According to the Neoplatonic philosophy that Ficino founded, love is the sustaining principle of the universe, and the attainment of the highest good is dependant not upon the Church but upon an impulse universal to man. The soul is not only immortal, but all souls by an inner urge naturally seek truth and goodness.
Ficino was immeasurably helped in the development of Neoplatonism by Giovanni Pico della Mirandola (1463-94). Pico joined Ficino’s circle in 1484 and introduced Cabala into Ficino’s Neoplatonism, being the founder or first great exponent of Christian Cabala. In this Pico was following in the footsteps of the poet-philosopher Ramon Lull, who in the 13th century, in Spain, brought together Jewish Cabala, Islamic mysticism and Christian revelation into a single method, which had an enormous influence on succeeding generations. As a result of Pico and Ficino’s partnership, Neoplatonism became a universal philosophy, which blended Hebrew Cabala with the Hermetic, Neoplatonic and Christian teachings, making a synthesis of them all. As a result, the spiritual, magical and scientific core of Renaissance Neoplatonism was born.
Having travelled from Italy into France, this Renaissance Neoplatonism took a strong hold in England in the 16th century, beginning in King Henry VIII’s time and reaching a zenith during the reign of Queen Elizabeth I, particularly in the works of William Shakespeare.
The Bible
Shakespeare’s knowledge of the Bible is remarkably extensive and detailed. The teachings of the Bible pervade and underlie all his plays to such a degree that the plays seem, in fact, to be dramatised commentaries on and examples of the scriptural teachings, aided by Cabalistic philosophy and the Hermetic wisdom as well as by Shakespeare’s extraordinary observation, insight into and knowledge of human nature.

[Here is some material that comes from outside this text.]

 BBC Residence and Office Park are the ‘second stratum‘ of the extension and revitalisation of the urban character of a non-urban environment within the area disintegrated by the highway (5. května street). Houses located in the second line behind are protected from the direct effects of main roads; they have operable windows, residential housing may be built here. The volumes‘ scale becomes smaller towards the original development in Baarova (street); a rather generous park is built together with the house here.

Not for nothing then, it would seem, was an Englishman urged to possess a copy of both the Bible and the Shakespeare plays, and to always carry them with him when travelling.
The Teacher
Not only is Shakespeare a great poet, dramatist, Neoplatonic philosopher and Christian cabalist, but he is also a supreme teacher who teaches through entertainment, following the path of the ancients:
The wisdom of the ancients devised a way of inducing men to study truth by means of pious frauds, the delicate Minerva secretly lurking beneath the mask of pleasure.i
Minerva is the Roman name for the Greek goddess of wisdom, Pallas Athena, the Tenth (and Chief) Muse, and the especial Muse of Shakespeare. Her Greek name literally means ‘Spear Shaker’, and she was renowned for shaking her spear of light at dark ignorance, exactly as Ben Jonson says of Shakespeare in his Folio tribute:
For a good Poet’s made, as well as borne.

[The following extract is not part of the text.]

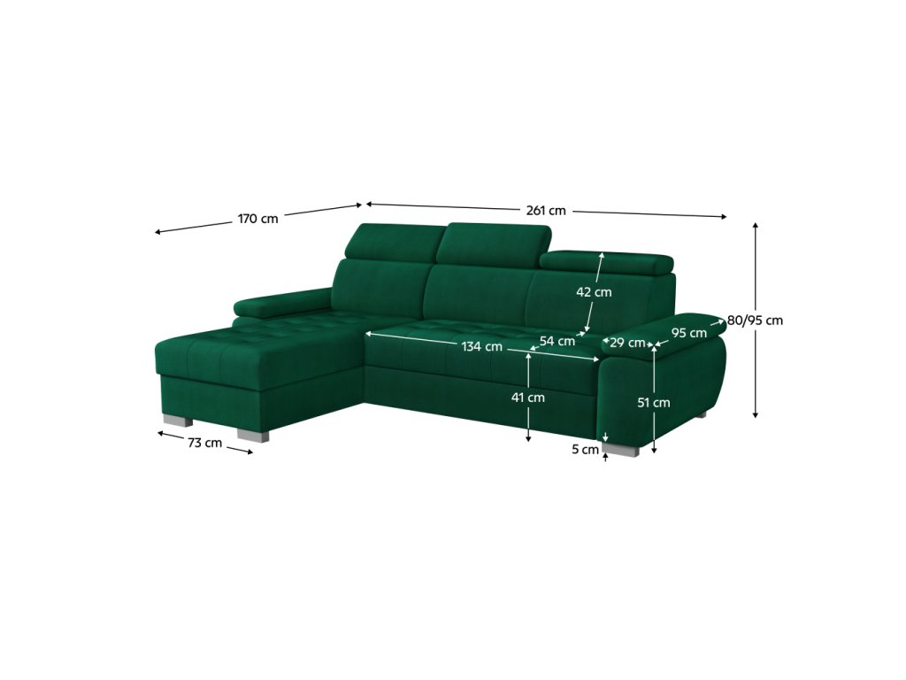 Materiál: látka Kronos 14 Oděruodolnost textilie podle testu Martindale: 60 000 oděrů Barva: zelená Rozměry (ŠxHxV): 261x170x80/95 cm Plocha na spaní (ŠxD): 123x202 cm Výška sedu: 41 cm Hloubka sedu: 54 cm Rozměry otomanu (ŠxH): 73x170 cm Rozměry opěrky na ruku (ŠxHxV): 29x95x51 cm Šířka sedáku: 134 cm Levé provedení Celočalouněná Rozkládací Rohová S úložným prostorem Na nožičkách Materiál nožiček: plast Barva nožiček: stříbrná Výška spodního prostoru od podlahy: 5 cm Výplň: pružina falista/pur pěna Polohovatelné opěrky hlavy 6 stupňové polohování opěrek Praktická Moderní Dodáváno v demontu Nabízíme vám možnost vybrat si ze 6 barevných provedení látky Kronos nebo ze 2 barevných provedení látky Paros za cenu 26 690 Kč.. Při individuální objednávce je třeba zaplatit 20% zálohu z dané částky. Po uhrazení zálohy bude Váš požadavek zadán do výroby. Dodací lhůta 6-8 týdnů.Balení (počet kusů : 3)

And such wert thou. Looke how the father’s face
Lives in his issue, even so, the race
Of Shakespeare’s minde, and manners brightly shines
In his well torned, and true filed lines:
In each of which, he seemes to shake a Lance,
As brandish’t at the eyes of Ignorance.
The intention and hope of this series is to help reveal to lovers of Shakespeare some of the extraordinary and brilliant light concealed in Shakespeare’s plays, and to pay homage to one who has been an exceptional friend and teacher to me and countless others—the great English Bard.
Foreword by Mark Rylance
The most striking characteristic of my friend Peter Dawkins is that he does in fact practise what he teaches others. The Philosophy he sees in The Tempest is a philosophy he lives by. You could say he walks his talk, especially as his other passion is Landscape and Architecture. He is a man equally concerned and knowledgeable about what is beneath his feet as above his head.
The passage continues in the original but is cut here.